Records from a dataset
◇ ◇ ◇
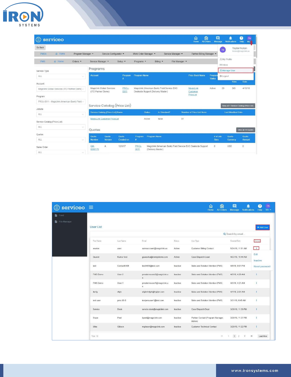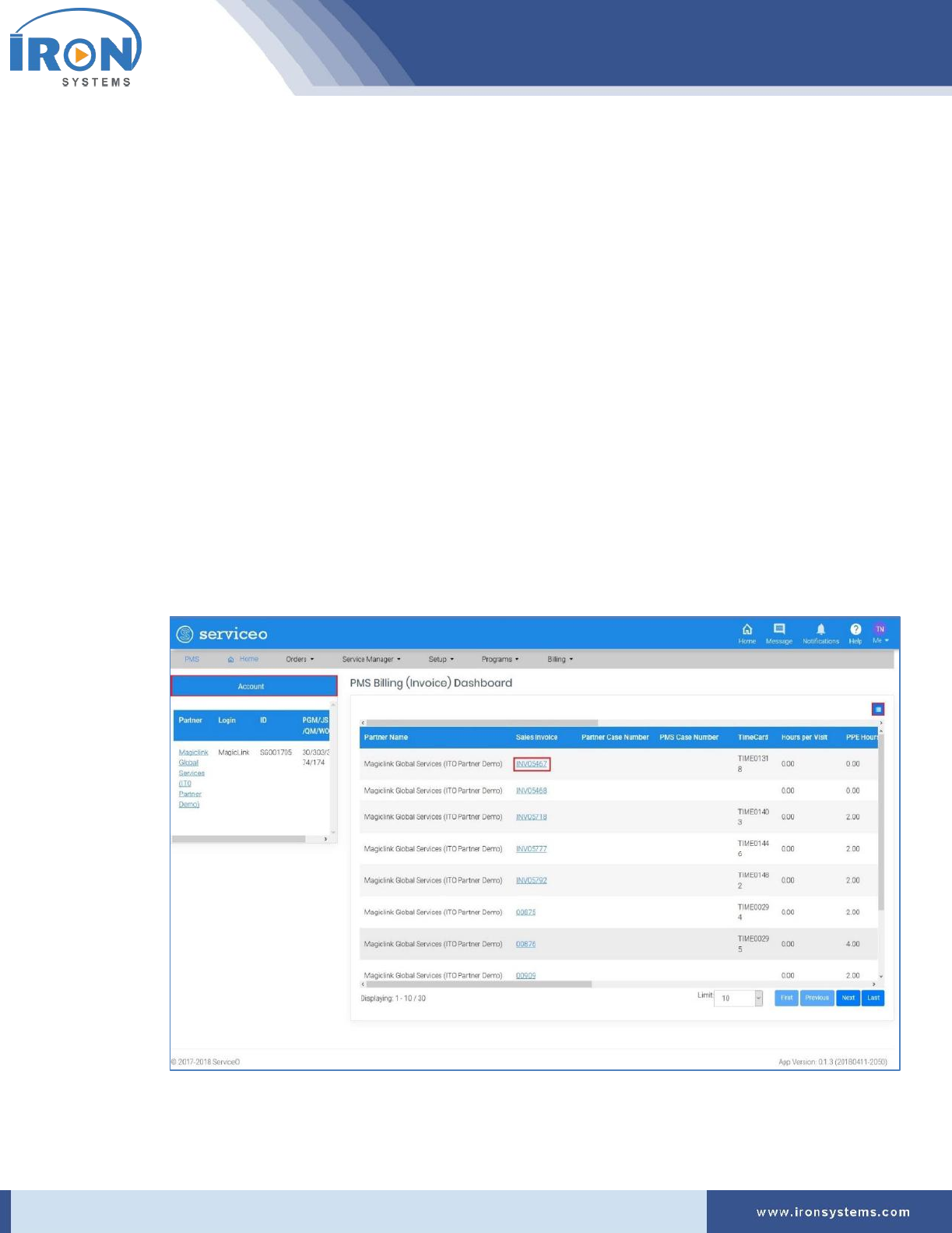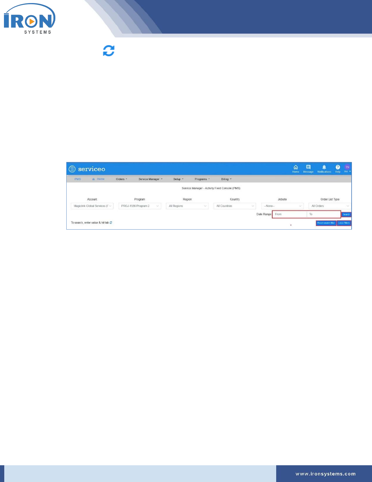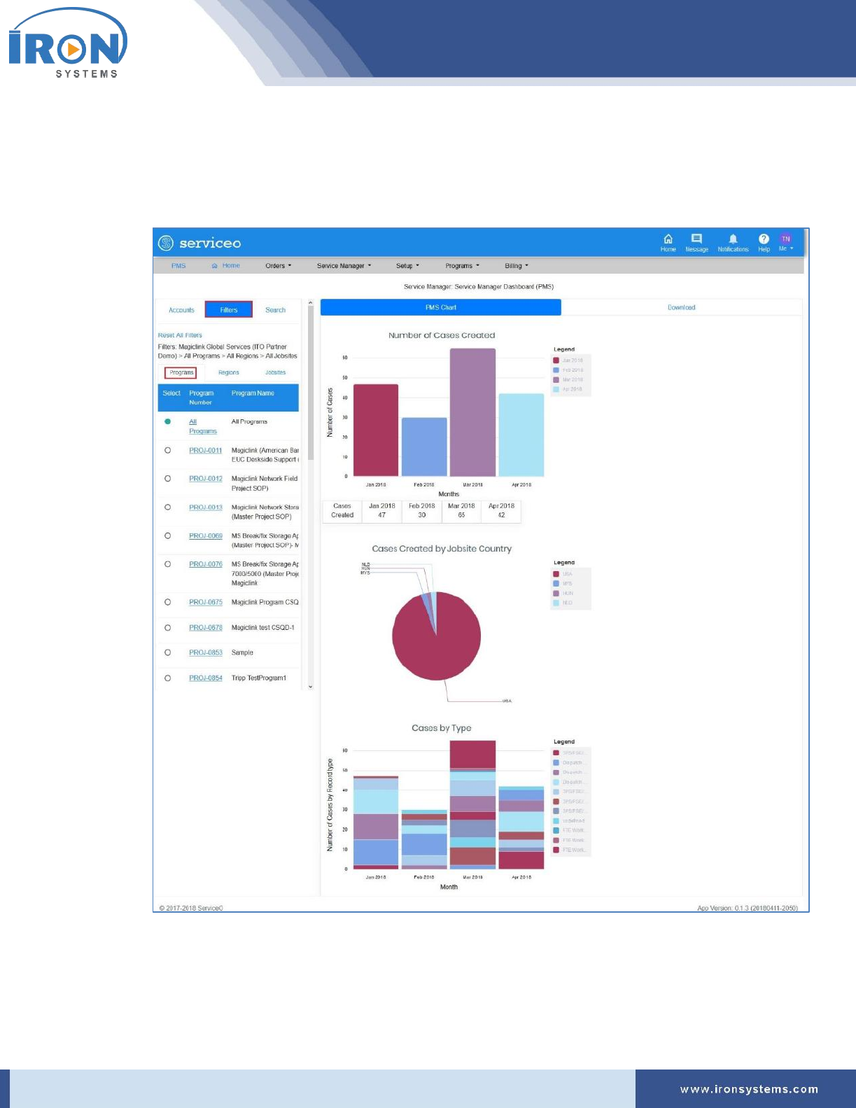 1. Click the Programs located next to the PMS Home icon and then click IRON Global Service
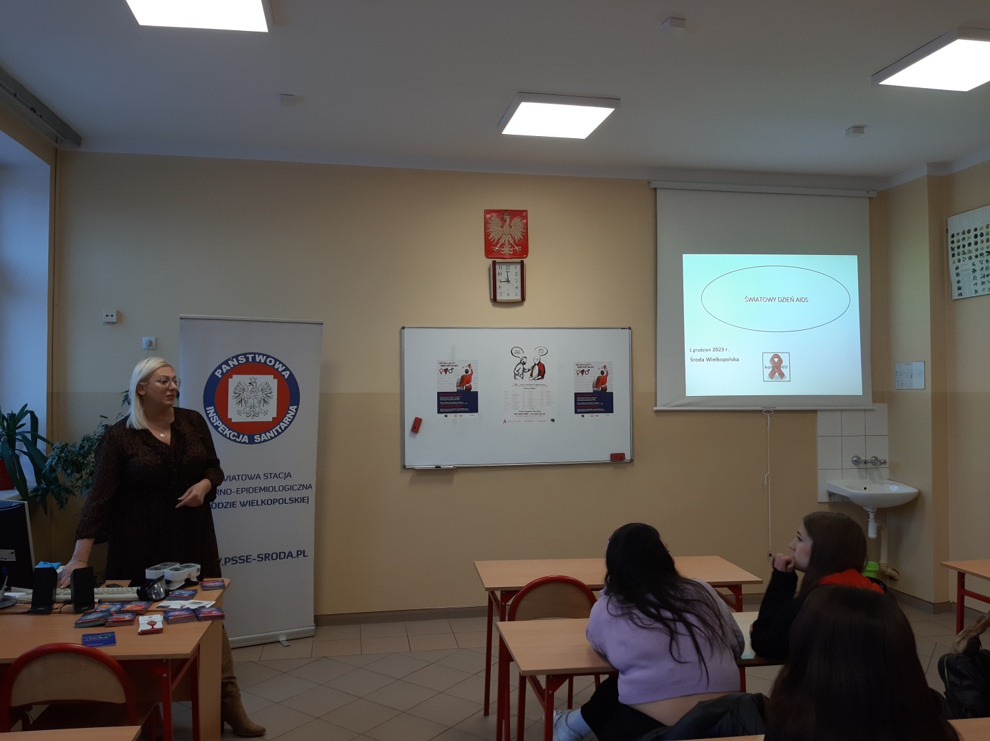 Dziś przypada Światowy Dzień AIDS to doskonała okazja do promowania bezpiecznych i odpowiedzialnych zachowań w aspekcie zakażeń HIV oraz innych chorób przenoszonych drogą płciową. Pracownik pionu oświaty zdrowotnej i promocji zdrowia PSSE przeprowadził pogadanki dla młodzieży – uczniów dwóch klas: klasy IV Technikum z Zespołu Szkół Rolniczych w Środzie Wielkopolskiej oraz klasy II Liceum Ogólnokształcącego o profilu policyjnym z Centrum Kształcenia Zawodowego i Ustawicznego w Środzie Wielkopolskiej. Omówiono drogi i przebieg zakażenia HIV, przedstawiono sytuacje ryzykowne, testy w kierunku HIV oraz działalność punktów konsultacyjno-diagnostycznych. Omawiając zachowania ryzykowne przedstawiono temat działania środków psychotropowych i nowych środków zastępczych na układ nerwowy. Na koniec młodzież mogła przymierzyć alkogogle i NARKOgogle. Te ćwiczenia miały uświadomić młodzieży jak działają narkotyki i alkohol poprzez symulacje wielu skutków używania narkotyków lub przedawkowania leków na receptę, w tym: dezorientacja, zaburzenia percepcji, zawroty głowy, brak zniekształcenia obrazu, problemy z pamięcią, poczuciem euforii, koncentracji.
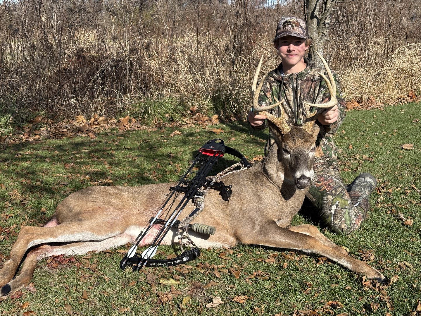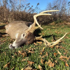 After thinking it was a good idea to quit my job so I could hunt the rest of the season, I have been in the woods both morning and evening for a week straight. And wanting to sleep in this morning due to how exhausting hunting can be I’m glad I didn’t! He came within five yards of my tree and didn’t stand a chance! Also my second buck!!
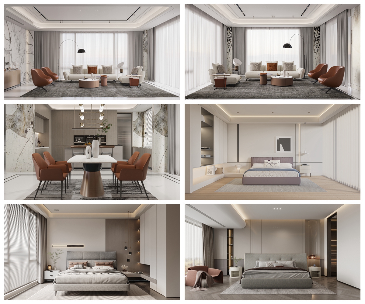 在簡(jiǎn)約的基礎(chǔ)上注入恰到好處的奢華感。保留意式設(shè)計(jì)的優(yōu)雅線條,但細(xì)節(jié)更考究。運(yùn)用金屬、絲絨、大理石等元素提升精致度。色彩更為豐富柔和,注重材質(zhì)的對(duì)比與融合,營(yíng)造低調(diào)而迷人的氛圍。
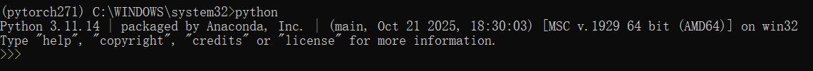 conda create --name pytorch271(自己的虚拟环境名称) python=3.11
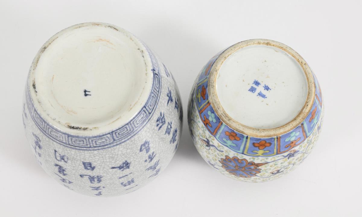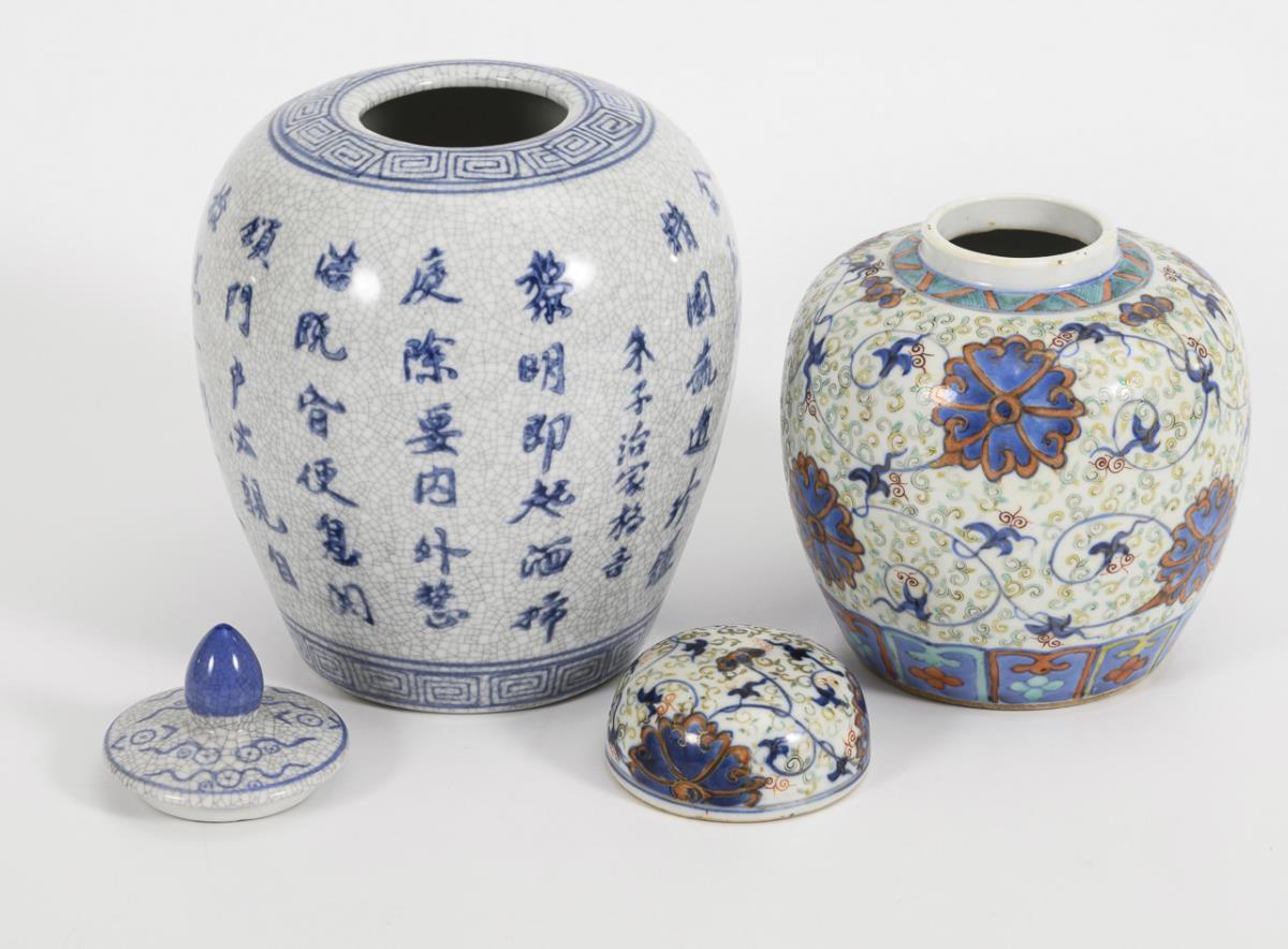 Kleinere Vase, gemarkt wohl Kangxi, mit sehr feinen Rankenmustern in Emailfarben und Unterglasurblau. Deckel mit alter Reparaturstelle eines Brandrisses. / Vase mit feinem Krakelee, Schriftzeichen und Musterung in Unterglasurblau.
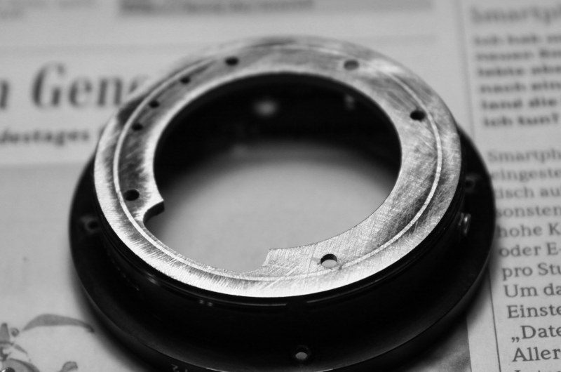 Kompliziert war an diesem Umbau, dass sich Blendenmechanik, Bajonett, Lichtdichtungsring und "Deckel" (jetzt EF-Bajonett) nur in einer Reihenfolge zusammen bauen lassen - als der "Deckel" noch ein einfaches, schmales Stück des Minolta-Bajonetts war, hat das damals natürlich kein Problem dargestellt.
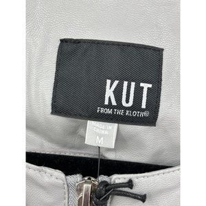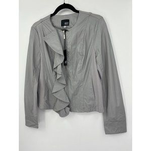 Kut From The Kloth Dahliana Moto Jacket Gray Ruffle Faux Leather Medium NEW
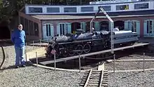TrainTown steam locomotive on the turntable in front of the roundhouse
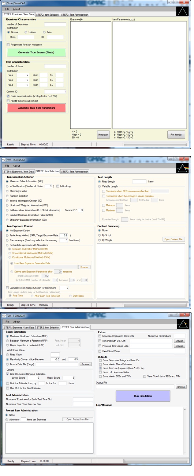 As a Windows-based application, SimulCAT provides a user-friendly graphical interface. Most features of SimulCAT can be accessed by just a few simple point-and-clicks. The main interface of SimulCAT consists of easy-to-follow three steps: Examinee/Item Data, Item Selection, and Test Administration.
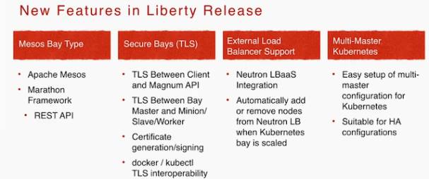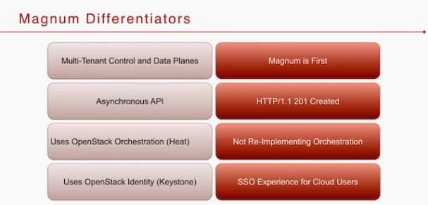 阿里云OpenStack容器项目Magnum的解析 编者的话: 我们今天来看看被寄予厚望的OpenStack容器项目的发展走向。Magnum项目的PTL Adrian Otto将为我们介绍Magnum的工作方式,以及它到底能够帮助我们解决哪些问题。 到现在我们似乎都难以平复对容器这一当前即是老技术又是新技术的兴奋之情。在OpenStack东京峰会上,我们从Rackspace杰出架构师Adrian Otto那里获得了一些关于Magnum 项目的内部消息。Otto为我们介绍了OpenStack的容器即服务项目能够真正为我们解决的问题。 超大型项目 作为Magnum项目的PTL,Otto在多个大型会议中介绍过这个OpenStack的容器项目。东京峰会上,Otto重新升级了Magnum项目的相关数据,具体如下: Otto说:“这表明我们正在评估代码。在提交给上游部门之前,我们正在努力完善代码,不过我们并没有对这一代码做出过多的修改。我们只做了很少的修改就能够让它们变得更好。这些代码正在被人们所接受,而且这一接受速度并不慢。” Magnum的愿景 Magnum过去在OpenStack中被作为一级资源容器。“由于我们已经实现了这一功能,因此这种用途已经过时了。如今,Magnum的用途是将最好的基础设施软件与最好的容器软件整合在一起。我希望所有的人都认识到,容器软件是无法解决我们的问题的。”Otto说。 Magnum能解决什么? Otto表示,当尝试在容器上运行应用时出现的大多数问题都是基础设施问题。这些问题包括:“我如何与我们的网络连接在一起?”,“我利用自己的存储能够做哪些工作?”,“我的地址来自哪里?”,“这些事情是如何联系在一起的?”,“我如何编排它们?如何扩展它们?”等等。 容器软件能够在应用层提供帮助,帮助打包和分发,但是它们并不能解决基础设施层面的所有问题。他补充说:“Magnum正在尝试整合一些解决方案,以解决所有的这些问题。” 反驳争议 Otto表示,“关于容器是什么”还存在着许多争议。如果有人认为容器像虚拟机一样,只是体积更小、速度更快,那么我们只需要做这一件事,那就是反驳他们。 他说:“如果他们这么说,那么我们可以据理反驳。容器与那些运行在主机上的程序密切相关。我们可以关闭它们,启动它们,设置它们的环境变量,绑定文件系统卷,将终端与它们连接在一起,在它们中运行程序。”将这些功能都添加至OpenStack的计算项目Nova中是不合适的,因此他们决定创建一个带有自己的API的新项目。 Magnum 101 Otto带我们浏览了一些基本要点。其中,首先我们要有OpenStack——计算、网络和存储。 Bay Magnum是一个额外的服务,允许我们创建一个新的实体,即一个名为Bay的新的云资源。Bay中有我们的容器编排引擎(COE)。通过Liberty版本,我们可以运行Docker Swam、Kubernetes和ApacheMesos。 Bay的设计初衷是为用户提供原生工具体验,它通过DockerCLI 或Cube CTL命令挑战集群。 Otto说:“我们能够享受到不同COE自带的功能,不需要Magnum团队再在它们上面创建一些东西才能使用这些功能。我们还可以依靠Magnum创建Bay并扩展这一基础设施,随后我们可以通过原生工具交互和创建容器,以及管理容器。” 容器DIY Magnum还提供了一个创建容器的功能。对此,Otto已经在加拿大温哥华OpenStack峰会上详细介绍过。该功能允许我们在Kubernetes上创建一个端口,不过我们需要选择以原生的方式运行它们。根据我们所选择的Bay,我们可以获得不同的原生API体验。 Pod Pod是一组共同运行在同一个主机上的容器。该服务能够将网络端口与容器连接在一起;Bay是一组Nova实例;Node则与相关的Nova实例一一对应。 Node Node实质上是Nova实例。一个Bay可以是一组Nova实例,因此目前Magnum中的所有Bay至少有三个抽象。 Liberty版本的新增功能 Otto谈及了他喜欢的Magnum功能,例如Mesos Bay Type、SecurityBays (TLS)、外部负载均衡支持,以及Kubernetes的Multi-Master功能等。 未来会怎样?无法抑制的兴奋 Otto 说:“我最为自豪的是来自28个不同机构的101位工程师之间展开的通力协作。我们都感受到了这一新技术为我们指引的方向,这是一件非常值得高兴的事情。”
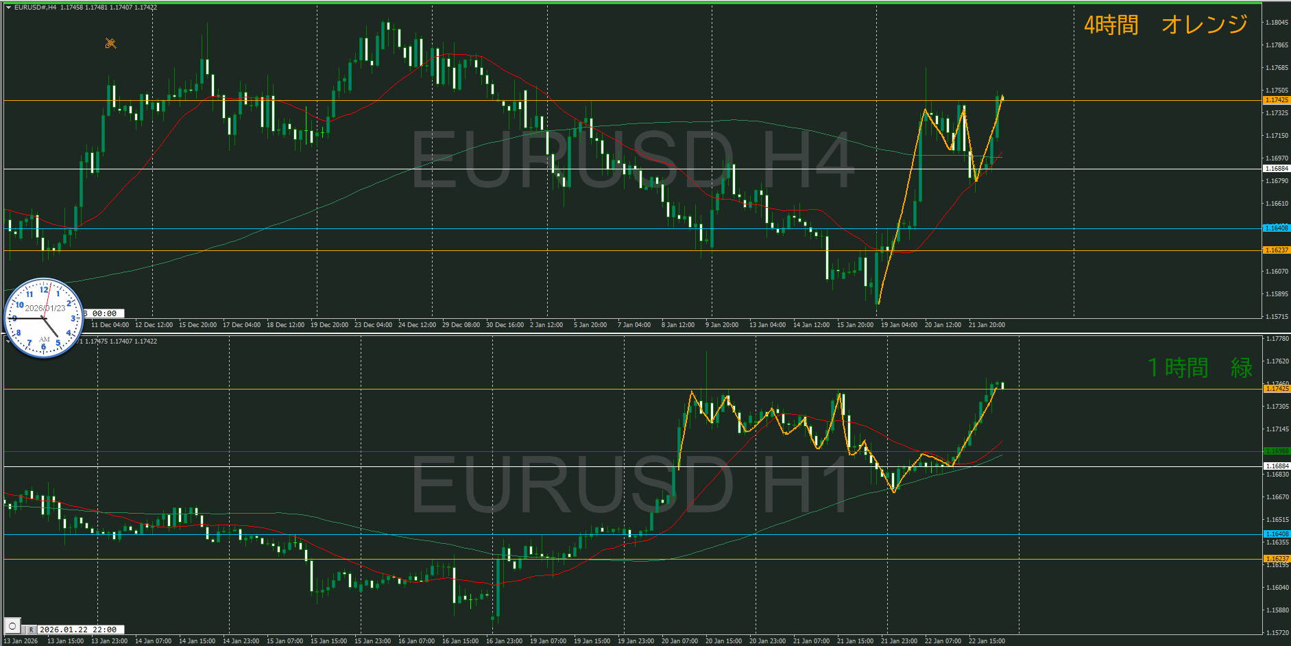 4時間と同じカウントなんだけど、何処かで安値を切り上げていると思う
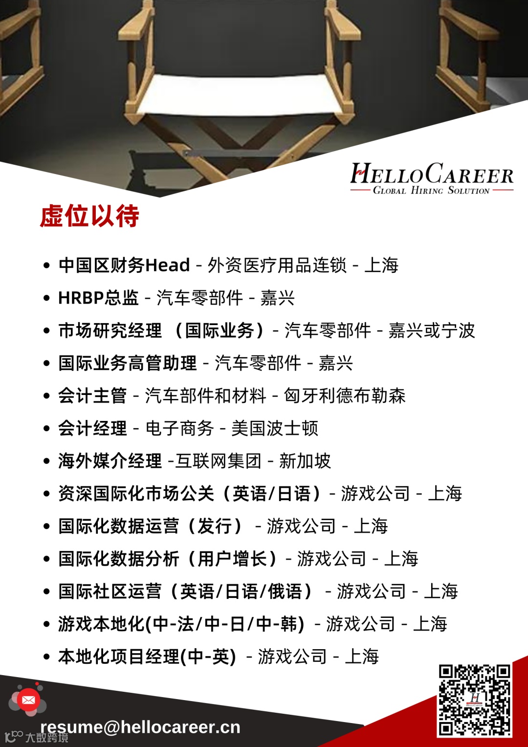 负责国际销售事业部的招聘、绩效、团队文化等方面的人力资源工作
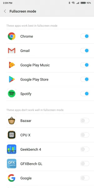 در دل این تنظیم، تنظیم کاربردی دیگری نهفته است که Fullscreen Mode نامیده میشود. در این تنظیم میتوانید لیست برنامههایی را مشاهده کنید که با نسبت ابعاد صفحه گوشی همخوانی دارند و آنهایی که همخوانی ندارند. میتوانید بنا به دلخواه آن برنامههایی که با نسبت ابعاد صفحه همخوانی ندارند را مجبور کنید در حالت تمام صفحه اجرا شوند.
◇ ◇ ◇
TASK REQUIREMENTS:
Pictures do not belong in the answer. Return the lines above starting at the one with "在簡(jiǎn)約的基礎(c" and ending at the one with "conda create --name", both kept, exactly.

TASK RESPONSE:
 在簡(jiǎn)約的基礎(chǔ)上注入恰到好處的奢華感。保留意式設(shè)計(jì)的優(yōu)雅線條,但細(xì)節(jié)更考究。運(yùn)用金屬、絲絨、大理石等元素提升精致度。色彩更為豐富柔和,注重材質(zhì)的對(duì)比與融合,營(yíng)造低調(diào)而迷人的氛圍。
 conda create --name pytorch271(自己的虚拟环境名称) python=3.11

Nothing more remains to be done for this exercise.